It is not uncommon to have single digit humidity and even a negative dew point. If it's not ac season we will use a humidifier a little bit. 
Joke: At negative dew point you can pee off the roof and it will dry before it hits the ground!  Tucgary


----------



## Lemonhawk (Sep 24, 2013)

I went to a Baseball game several years ago in Tucson, at the start it was 108 and 15 innings later in the middle of the night it was still over 100. There were only about 5 of left to see the end of the game, but i got a foul ball! My son now lives there. It sure beats Phoenix and its "high" humidity!


----------



## RonthePirate (Sep 9, 2015)

Haha! My answer won't surprise Gary, we're both from Hell's Acres.
My train room was at 107 inside.
Now don't forget: it's a free standing room, attached to the house with a wall.
And there was two windows, both 30" x 45". (Tinted of course)
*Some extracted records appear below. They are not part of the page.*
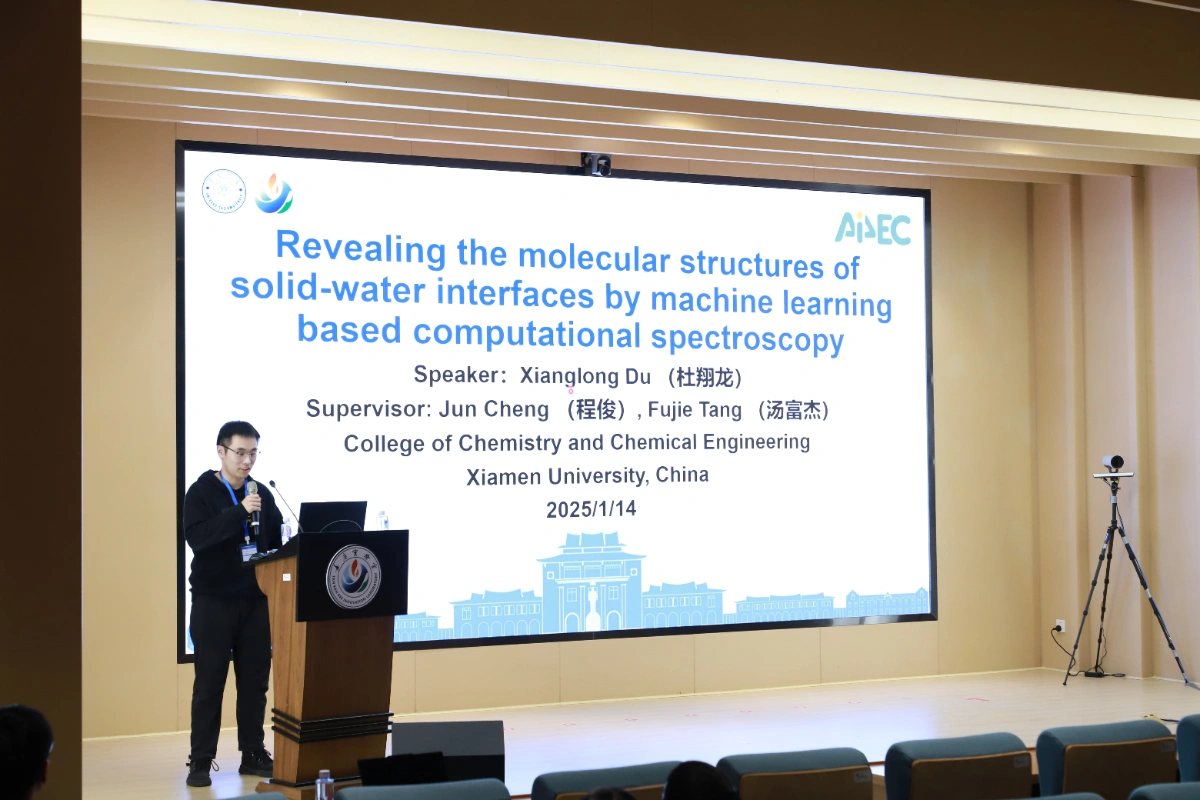 1月13月上午研讨会正式开始,由AI4EC Lab常务副主任、厦门大学化学化工学院程俊教授开幕致辞。程俊教授表示,结合理论计算与实验光谱学的计算谱学领域,正受到越来越多的关注与重视。随着AI发展,研究人员有望在工况环境下解决复杂体系的谱学问题。AI4EC Lab也将持续推动AI辅助计算谱学的理论与算法发展,与领域内专家共同探索复杂界面的谱构效关系解析。最后,程俊教授对远道而来的报告人与参会者表示感谢。
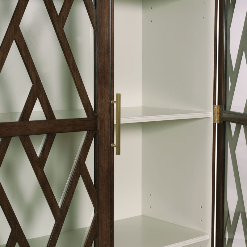 A striking Display Cabinet featuring a pierced fretwork overlaid on glass doors with refined brass pulls.Material: Hardwood solids and walnut veneer
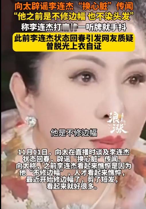 向太回应李连杰没换心! 现在染了头发、修边幅了! 可这蹦蹦跳跳的样子,未免太过于活泼了吧,而且打拳的样子,也未必太阴柔了吧!是我不认识以前的李连杰,还是现在的李连杰他真的变了呢? 容貌上的年轻,确实可以用化妆和医美来解释,可是行为上却像极了一个调皮的小孩,这个又该怎么解释呢?反正我是想不明白!
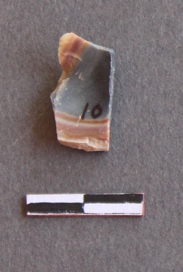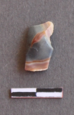 | Description / विवरण | It is a jasper fragment, with a striking platform, cortex on one end; there are many flake scars with ripples on it. |
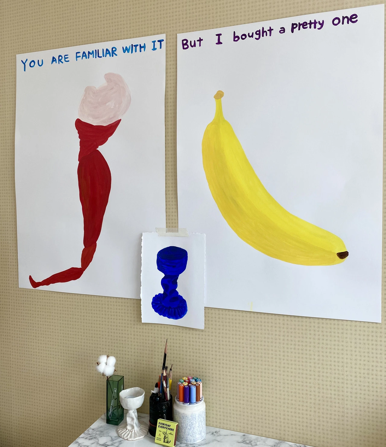 내 그림 중 계속 보고 있게 되는 세 점을 뽑아서 작업 책상 벽에 걸어 두었다. 왜 세 점이냐면, 사실 세 점밖에 없다.

I had forgotten to turn on the A/C before we went to our volunteer work. That was from sunup till about 1PM.
The A/C took about 2 hours to bring it down to 85. That felt good, in comparison.

Yep, you're right, Gary. I run my swamper till maybe 10 AM. Then the heat just gets too much and the A/C gets flipped on.
The best I've seen here was 2%, but Las Vegas had one last year of .8%
Yes, I typed that correctly, .8%
Eight-tenths of one percent.
That when you go around, zap, zap, zap, zap.............



> From BigEd:
> That is what I was going to say 101 but it is a dry heat?
> I don't care what you say to me 101 IS HOT. dry or wet!
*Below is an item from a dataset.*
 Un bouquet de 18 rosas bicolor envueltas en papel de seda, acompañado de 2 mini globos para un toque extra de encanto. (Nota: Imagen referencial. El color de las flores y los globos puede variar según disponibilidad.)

Nope, this one you're wrong on. (And you seldom are)
When it's 101 with 90% humidity, you feel like a drowned rat. And that heat index will be up around 110-112.
But when it's 101 with 2% humidity, the heat index actually goes DOWN!
That's right. It will feel like maybe 92, around there.
Plus, with dry air, you go in the shade, you're 20 degrees cooler.
With juicy air, you still are a drowned rat.


----------



## NAJ (Feb 19, 2016)

My train room is my living room so between 60 - 80 degrees depending on the time of year, if windows are open, A/C or heat is on, etc.


----------



## CTValleyRR (Jul 26, 2014)

RonthePirate said:


> Nope, this one you're wrong on. (And you seldom are)
> When it's 101 with 90% humidity, you feel like a drowned rat. And that heat index will be up around 110-112.
> But when it's 101 with 2% humidity, the heat index actually goes DOWN!
> That's right. It will feel like maybe 92, around there.
> ...


Air that feels that hot is too hot, no matter what the actual temperature.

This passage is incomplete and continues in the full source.